Dennis Daugaard revealed that odd but intriguing fact about himself Tuesday afternoon.
The governor had met with news reporters after his budget speech to a House full of state lawmakers.
A newsman asked who worked on the speech. The answer gave a glimpse at the process behind the scenes.
The governor said part of the speech came from Tony Venhuizen, his chief of staff who happens to be his son-in-law as well.
Next the governor said Liza Clark. The commissioner of finance and management – the first woman, by the way, to hold that important post in South Dakota – sat to his right.
And last came Daugaard.
The governor said he took final responsibility. The goal, he said: One hour, tops.

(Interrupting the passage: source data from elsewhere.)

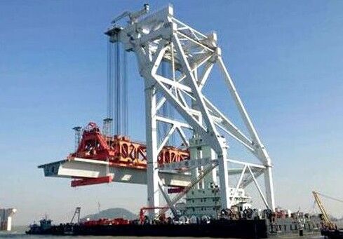 在大橋建設(shè)現(xiàn)場,記者看到,遼闊的海面,海天輝映的地方,三一紅顯得格外耀眼,不遠(yuǎn)處的三一設(shè)備正“辛勤工作”。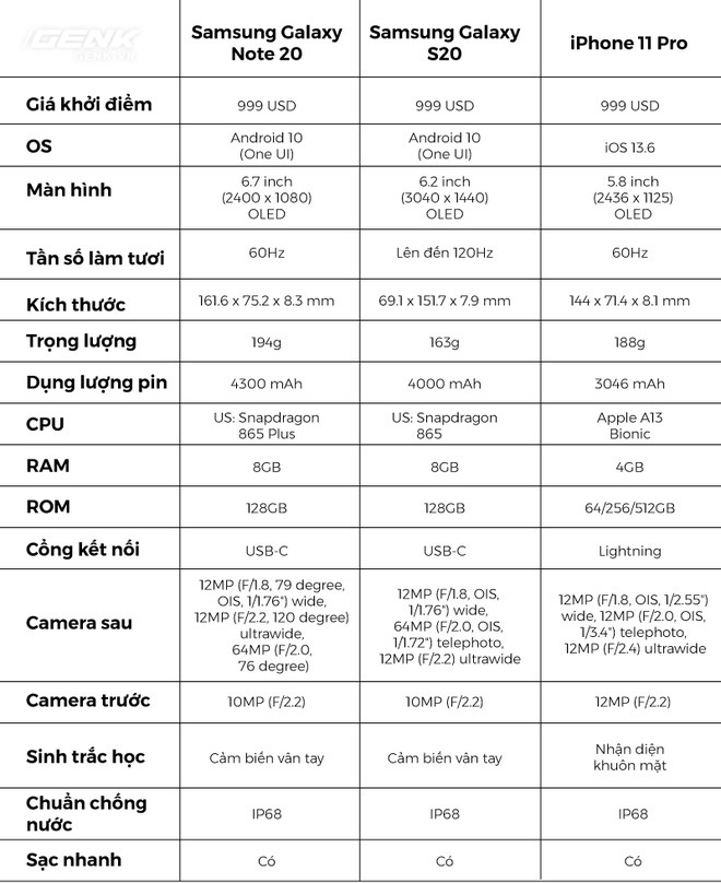 So sánh giữa Galaxy Note 20 với người tiền nhiệm S20 và đối thủ iPhone 11 Pro.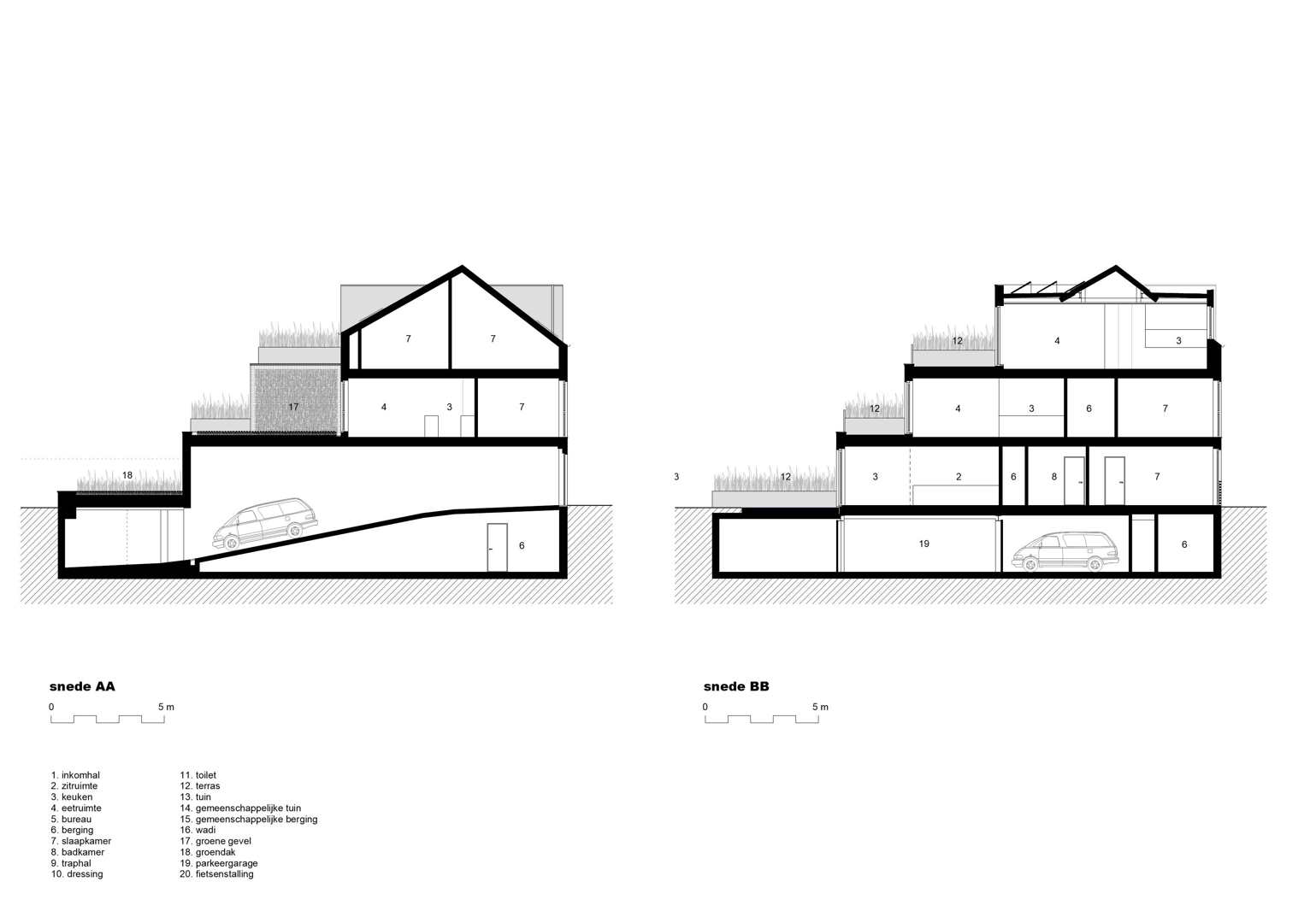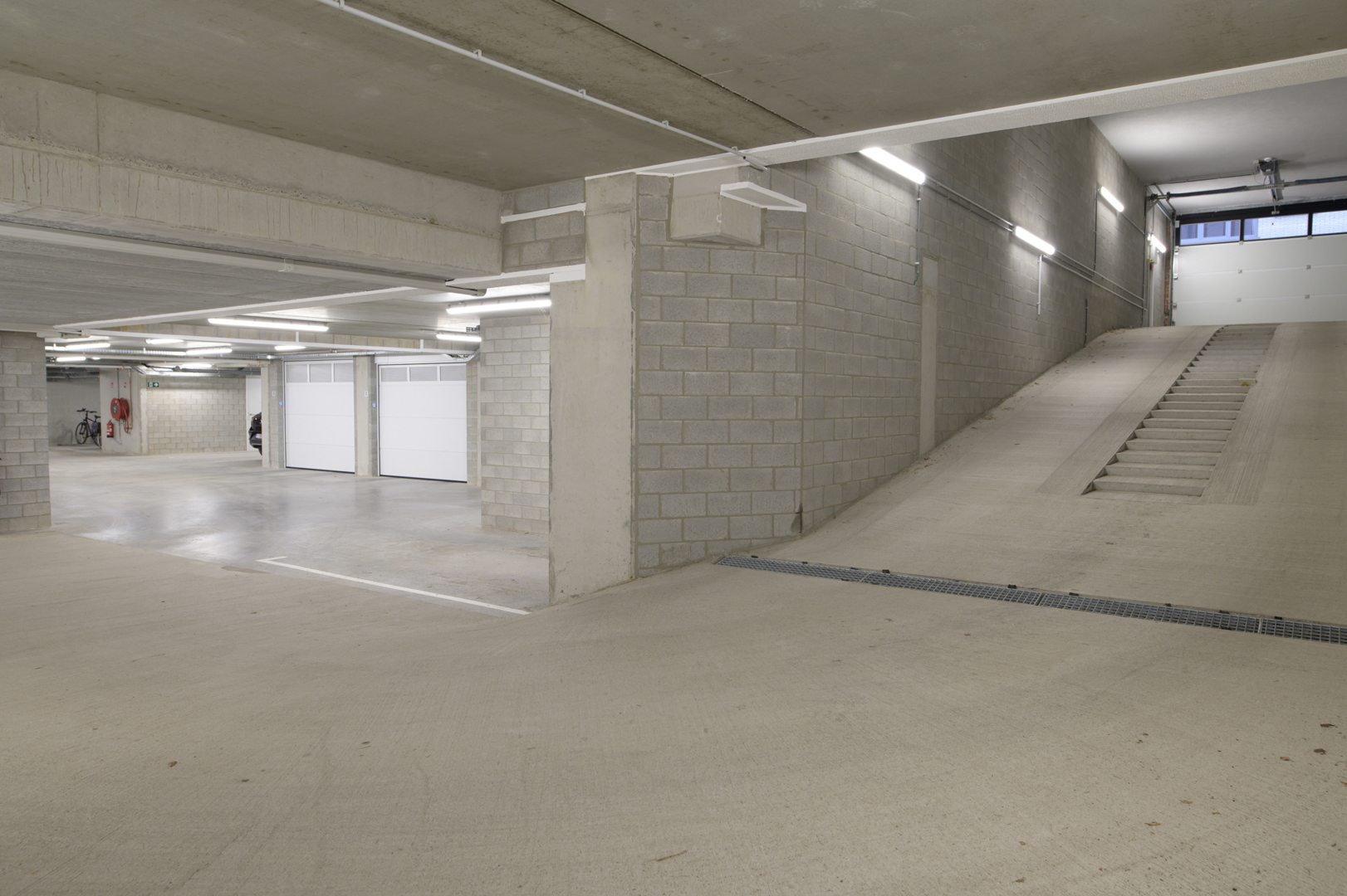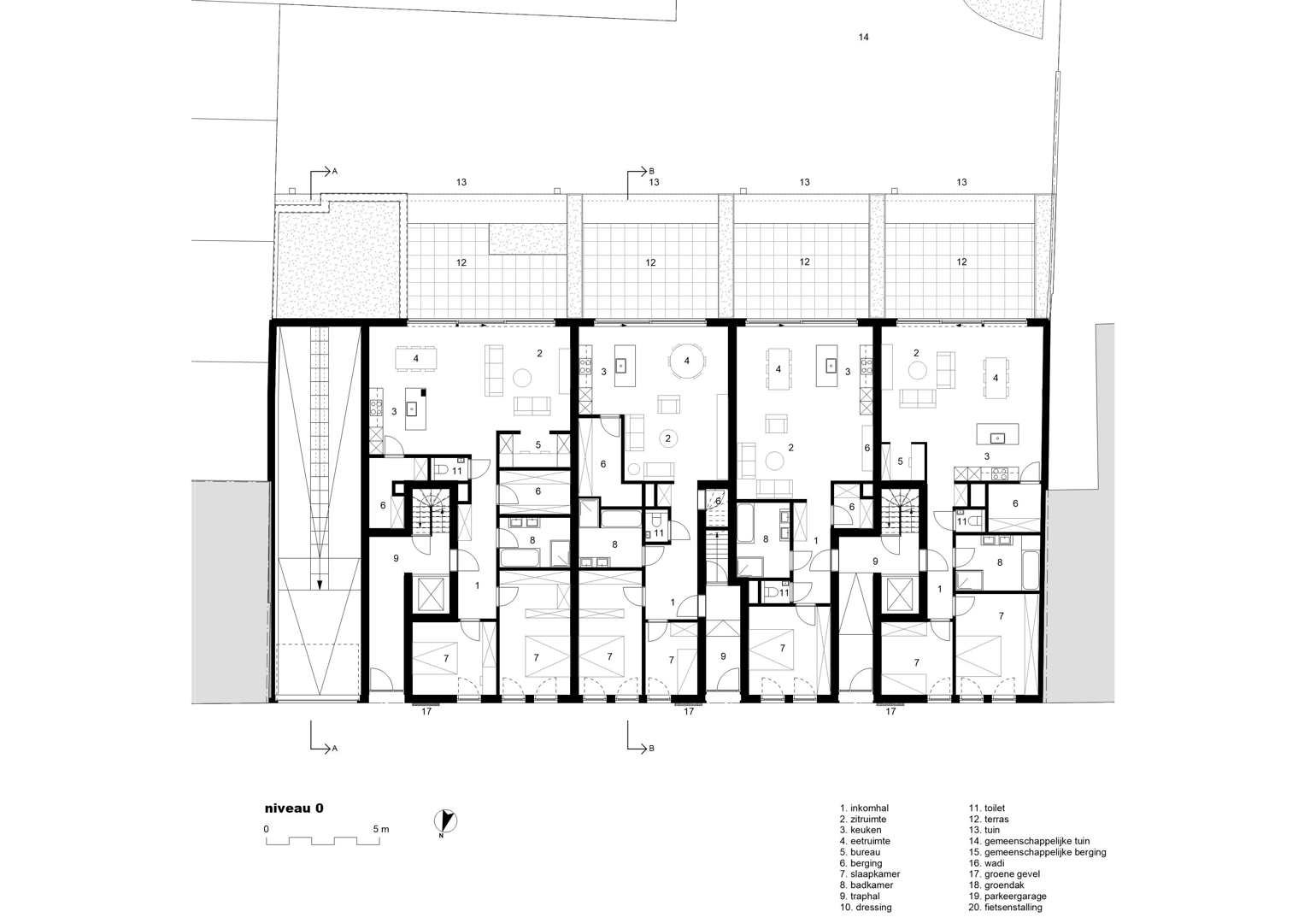 De achtertuin vormt het collectieve hart van het project en is ingericht met een wadi die water opvangt en vertraagd afvoert. De gelijkvloerse appartementen delen deze tuin rechtstreeks, terwijl de bovenliggende woningen uitkijken op het groen. Die opbouw versterkt de relatie tussen privé en collectief, zonder de privacy van de bewoners uit het oog te verliezen. De tuin fungeert tegelijk als ecologische buffer en als kwaliteitsvolle buitenruimte in een dense woonomgeving.

That’s where 140 words a minute came in.
Turns out Daugaard timed his remarks as he tried out some versions beforehand.
The speech had another feature: Slides.
They were innovative 20 years ago when then-Gov. Bill Janklow used them.
Now they are standard. Legislators, lobbyists, cabinet members, news reporters and citizens in general have come to expect them.
They likely would be shocked if a governor now broke with the tradition and gave a speech without slides.
Clark and some of her staff in the Bureau of Finance and Management were again responsible for the 64 images displayed, one after another, on the big screen front left.
“It helps to have slides,” Daugaard said.
Daugaard didn’t engage in flights of rhetoric Tuesday. The news he gave to legislators was somber.
South Dakota is okay, the governor said, but isn’t growing enough to give more money to public schools or to raise the pay for most state government employees and providers.
He also suggested taking $7 million from state government’s reserve funds to help get through the current budget year that began July 1.
Afterward, his outlook seemed like a weather forecast. A snowstorm was on its way. Stay indoors, wait it out. The sun would come out again afterward.
For Daugaard the speech was his eighth set of budget recommendations. He has been governor seven years.
A few weeks after he began his first term as governor in 2011, Daugaard put together a special budget address.
South Dakota’s economy was still mired in the 2008-2009 recession.
Daugaard called for 10 percent cuts. They were twice as deep as the departing governor, Mike Rounds, had recommended the month before.
The new governor and the eighteen legislators on the appropriations committee – fifteen Republicans and three Democrats – eventually found ways to get some cuts somewhat smaller.
There were no raises that year. There were no raises this year. There might be no raises next year.
For Daugaard, the message was tough to deliver, whether the year was 2011 or 2016 or 2017.
The silver lining is we got through. The governor said he is confident the sun will shine again. We certainly hope so.
Meanwhile, shop more at home. Much, much more.